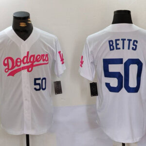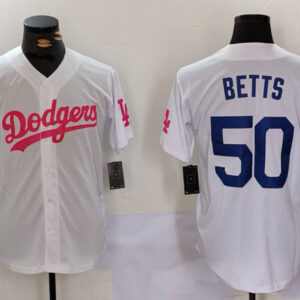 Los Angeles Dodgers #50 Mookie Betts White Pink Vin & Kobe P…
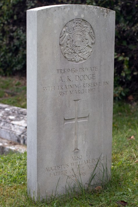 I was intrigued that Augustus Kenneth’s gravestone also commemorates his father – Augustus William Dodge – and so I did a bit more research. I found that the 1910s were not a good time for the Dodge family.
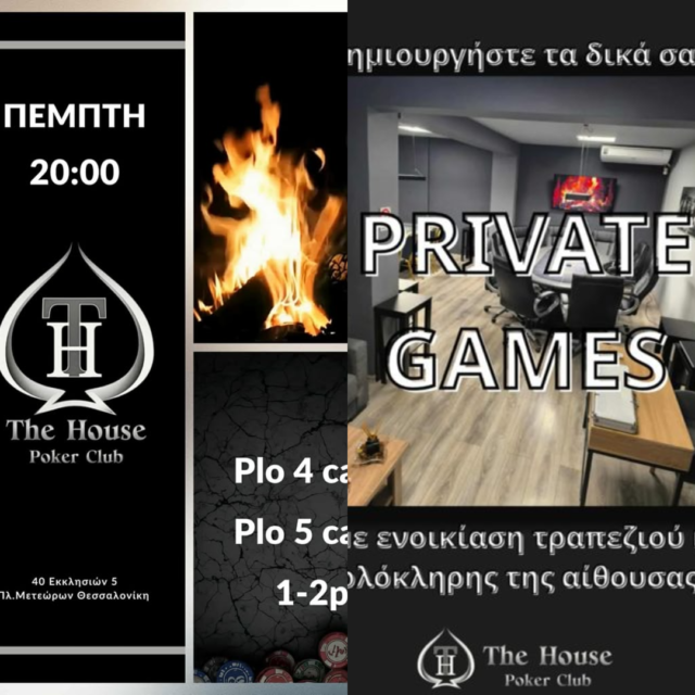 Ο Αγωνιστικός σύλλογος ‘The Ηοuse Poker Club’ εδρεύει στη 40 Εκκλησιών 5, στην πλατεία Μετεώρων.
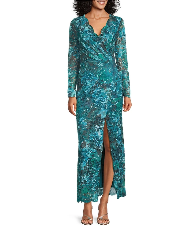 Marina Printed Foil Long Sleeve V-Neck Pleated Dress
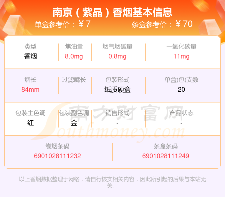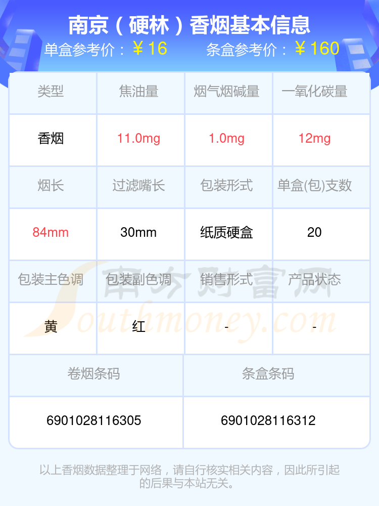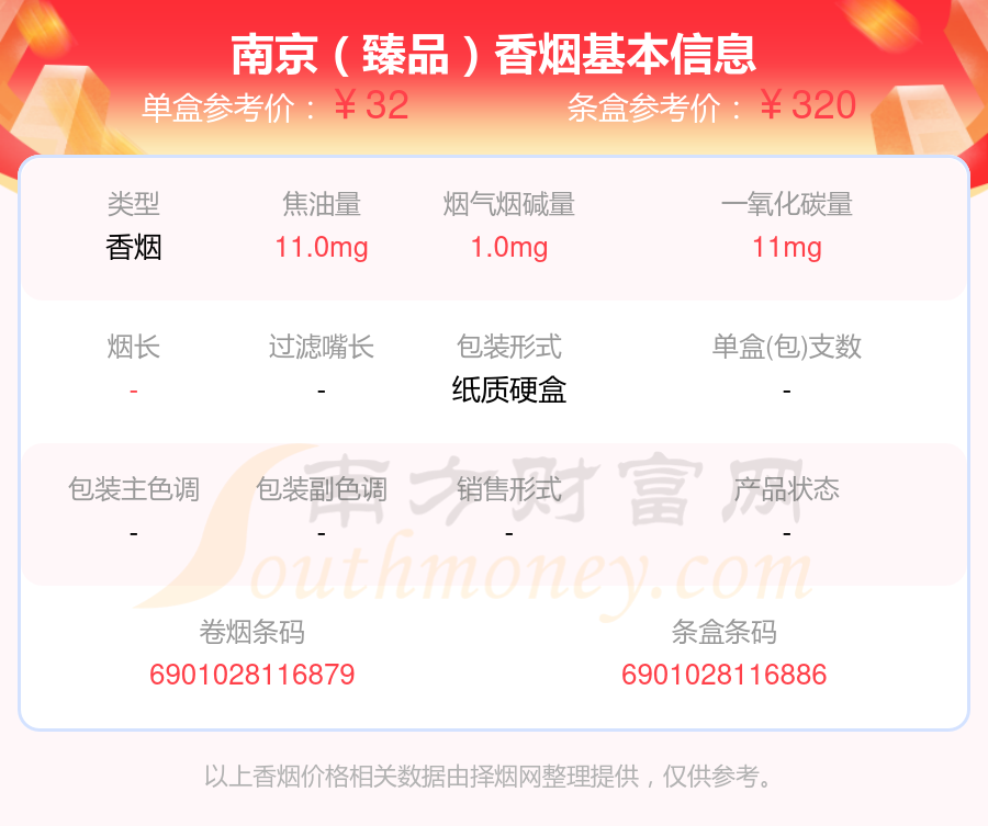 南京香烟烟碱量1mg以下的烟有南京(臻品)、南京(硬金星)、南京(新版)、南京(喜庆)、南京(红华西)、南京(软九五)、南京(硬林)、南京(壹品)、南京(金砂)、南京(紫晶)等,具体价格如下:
..........
# Action item:
The copy you produce must hold all the records above exactly and none of their pictures.

# Response to the exercise:
 Los Angeles Dodgers #50 Mookie Betts White Pink Vin & Kobe P…
 I was intrigued that Augustus Kenneth’s gravestone also commemorates his father – Augustus William Dodge – and so I did a bit more research. I found that the 1910s were not a good time for the Dodge family.
 Ο Αγωνιστικός σύλλογος ‘The Ηοuse Poker Club’ εδρεύει στη 40 Εκκλησιών 5, στην πλατεία Μετεώρων.
 Marina Printed Foil Long Sleeve V-Neck Pleated Dress
 南京香烟烟碱量1mg以下的烟有南京(臻品)、南京(硬金星)、南京(新版)、南京(喜庆)、南京(红华西)、南京(软九五)、南京(硬林)、南京(壹品)、南京(金砂)、南京(紫晶)等,具体价格如下:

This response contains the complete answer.